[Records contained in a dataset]
= Beginning of Section =

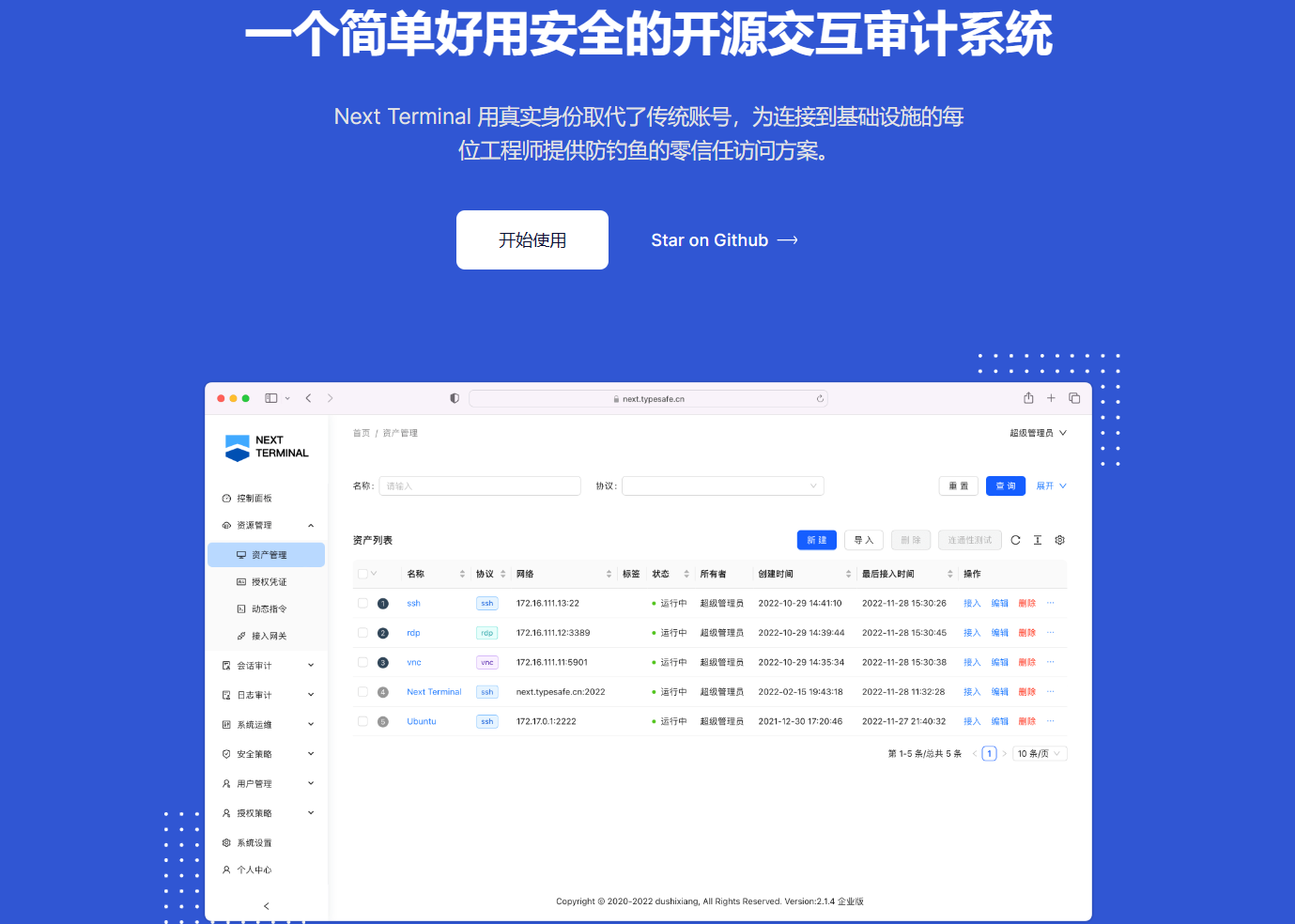Next Terminal 是一款开源的网页版远程桌面工具,支持连接 RDP、SSH、VNC 和 Telnet 协议。部署后,就可以在任何一个浏览器中,远程控制你的 Windows、macOS,以及 Linux 系统了,支持批量运行命令、多用户授权、二次验证登录、操作记录回放等功能。
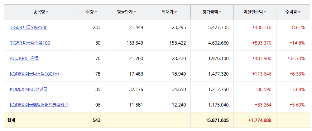 - 금 ETF 일부 익절해 현금 및 재투자 여력 마련,
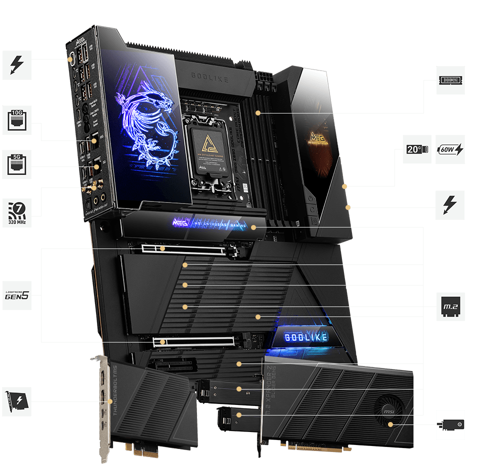 processors, the MEG Z890 GODLIKE equips true Wi-Fi 7, 10G Super LAN, Thunderbolt 5, Supplemental
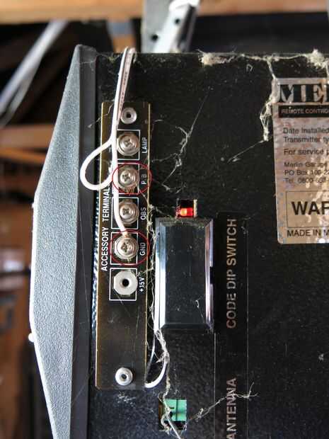 Opción 1, terminales del abridor: Echa un vistazo en el abrepuertas de garaje su uno mismo. Esta es la caja que alberga el motor y generalmente hace un fuerte zumbido al funcionar. En esto suele haber varios terminales para la conexión de otras partes y piezas. Encontrar las utilizadas para un mando a distancia por cable. En mi caso están marcados P B (probable de "botón") y GND (tierra de), pero son más fácilmente identificables por los cables de conexión de ellos y el control remoto. Si el abridor no tiene estos, su única opción es la opción 3. Para probar estos terminales para grab idoneidad un multímetro y mida la tensión entre los dos terminales. Si tiene un buen valor bajo como 3.66 V obtuve, debe ser seguro conectar el relé a estos terminales. Cualquier tensión en la región de 100-240 V es demasiado alta. Si no tienes una pared con cable remota, utilice esto como su punto de conexión y vaya al paso siguiente. De lo contrario ir a la opción 2.
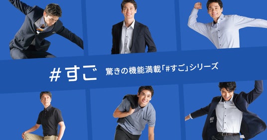 当社商品の機能性の高さを訴求する「#すご」シリーズ。ジャケットやスラックス、ポロシャツなどの各アイテムにお客様からの要望が多い機能を備え、着心地やコスパの高さを打ち出した商品シリーズです。
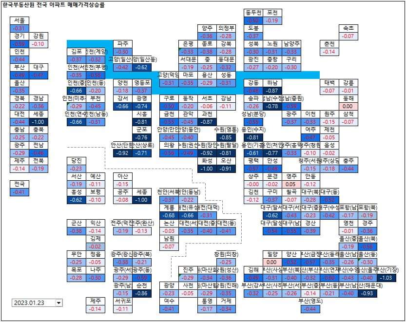 '23.01.16. 전국 아파트 매매가 상승률 부동산 애널리스트 이상우

= End of Section =

The task
Where pictures sit among the data above, omit them, and output the rest exactly.

Answer to the exercise
Next Terminal 是一款开源的网页版远程桌面工具,支持连接 RDP、SSH、VNC 和 Telnet 协议。部署后,就可以在任何一个浏览器中,远程控制你的 Windows、macOS,以及 Linux 系统了,支持批量运行命令、多用户授权、二次验证登录、操作记录回放等功能。
 - 금 ETF 일부 익절해 현금 및 재투자 여력 마련,
 processors, the MEG Z890 GODLIKE equips true Wi-Fi 7, 10G Super LAN, Thunderbolt 5, Supplemental
 Opción 1, terminales del abridor: Echa un vistazo en el abrepuertas de garaje su uno mismo. Esta es la caja que alberga el motor y generalmente hace un fuerte zumbido al funcionar. En esto suele haber varios terminales para la conexión de otras partes y piezas. Encontrar las utilizadas para un mando a distancia por cable. En mi caso están marcados P B (probable de "botón") y GND (tierra de), pero son más fácilmente identificables por los cables de conexión de ellos y el control remoto. Si el abridor no tiene estos, su única opción es la opción 3. Para probar estos terminales para grab idoneidad un multímetro y mida la tensión entre los dos terminales. Si tiene un buen valor bajo como 3.66 V obtuve, debe ser seguro conectar el relé a estos terminales. Cualquier tensión en la región de 100-240 V es demasiado alta. Si no tienes una pared con cable remota, utilice esto como su punto de conexión y vaya al paso siguiente. De lo contrario ir a la opción 2.
 当社商品の機能性の高さを訴求する「#すご」シリーズ。ジャケットやスラックス、ポロシャツなどの各アイテムにお客様からの要望が多い機能を備え、着心地やコスパの高さを打ち出した商品シリーズです。
 '23.01.16. 전국 아파트 매매가 상승률 부동산 애널리스트 이상우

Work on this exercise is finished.